May 5, 2010 at 2:09 pm
Many articles says that the Database Mirroring (with snapshot backup) is as good as replication.
So I want to see this for myself and I don't think so.
I am using sql server 2005. I setup the Database Mirroring and created a snapshot backup of the database mirroring since the database mirroring is not accessible.
when there is a change on the Principal partner, the Mirrored Partner gets the change.
However, the snapshot Database backup did not reflect the changes afterwards unless we re-create the snapshot backup, but then the user of the database snapshot gets disconnected.
If the snapshot is getting re-created and the user is in the middle of a transaction using the snapshot database, it will get knocked out. In Replication, the user never gets disconnected.
So I don't see how this is compatible to transaction Replication.
May 5, 2010 at 2:13 pm
A database snapshot is a point in time picture of the data. If you take a snapshot at 8:00 AM, you wont see any changes to the data that are made after 8:00 AM.
May 6, 2010 at 7:03 am
I think that the articles you are reading are missing the point a bit. At best, snapshot replication might be similar to mirroring plus a database snapshot.
Mirroring definitely does not give you any (near) real time access and it is not designed to do that.

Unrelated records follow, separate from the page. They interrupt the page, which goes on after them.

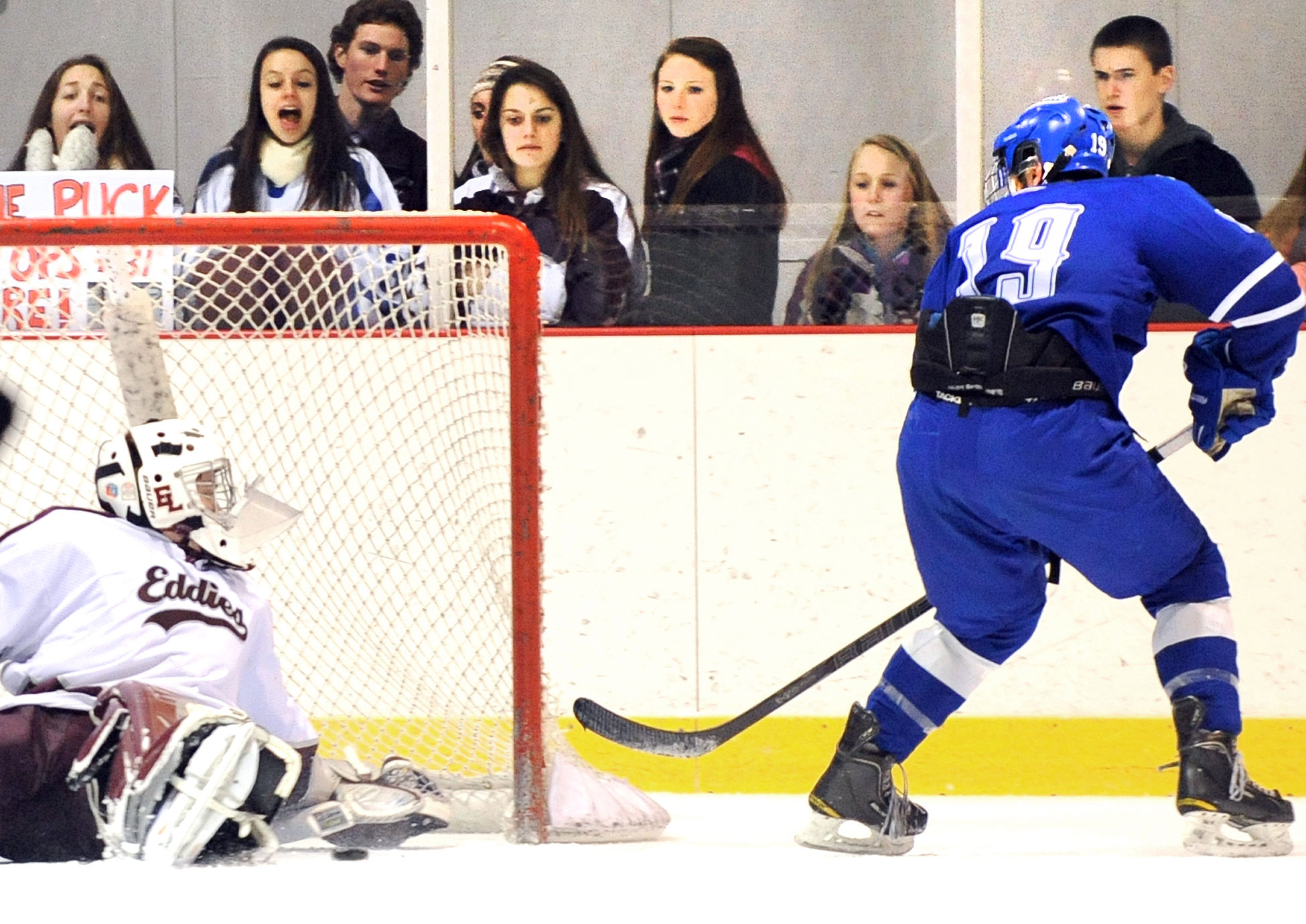 Lewiston dominated the first period territorially, but had nothing to show for it on the scoreboard. Most of the Blue Devils’ shots came from the perimeter, and the Eddies did well to limit their second-chance opportunities in front of Gosselin.
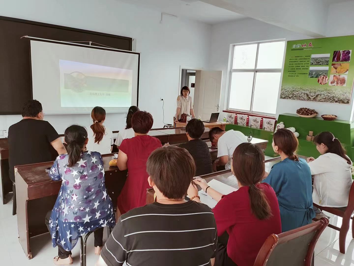 揭牌仪式后,商学院电子商务专业闫敏老师受省派驻高崖库区小队邀请,向入驻电商企业员工和准备加入电商销售的青年村民讲授电商知识,为电商小院充分发挥作用提供智力支持。
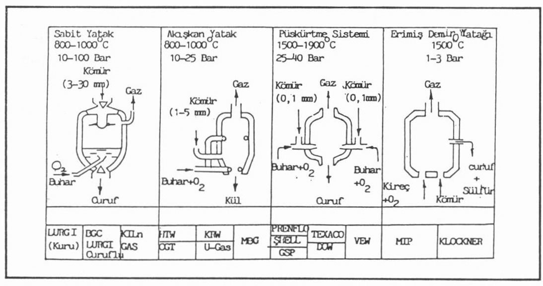 Kömür Gazlaştırma konusunda çalışan 26 uluslararası firma dört ana başlık altında toplayabileceğimiz gazlaştırma sistemlerini geliştirmişlerdir (2).

As you have found, transactional replication does give you near real time access to data from a separate database. You could consider that database mirroring does apply all transactions from the source database to the mirror database. However, unless you are continuously re-creating snapshots, there is no way to get access to the data.
I suspect that the articles about mirroring must be using transactional replication as a metaphor for how the transactions get from the source database to the mirror but are not intending to imply that the data is accessible.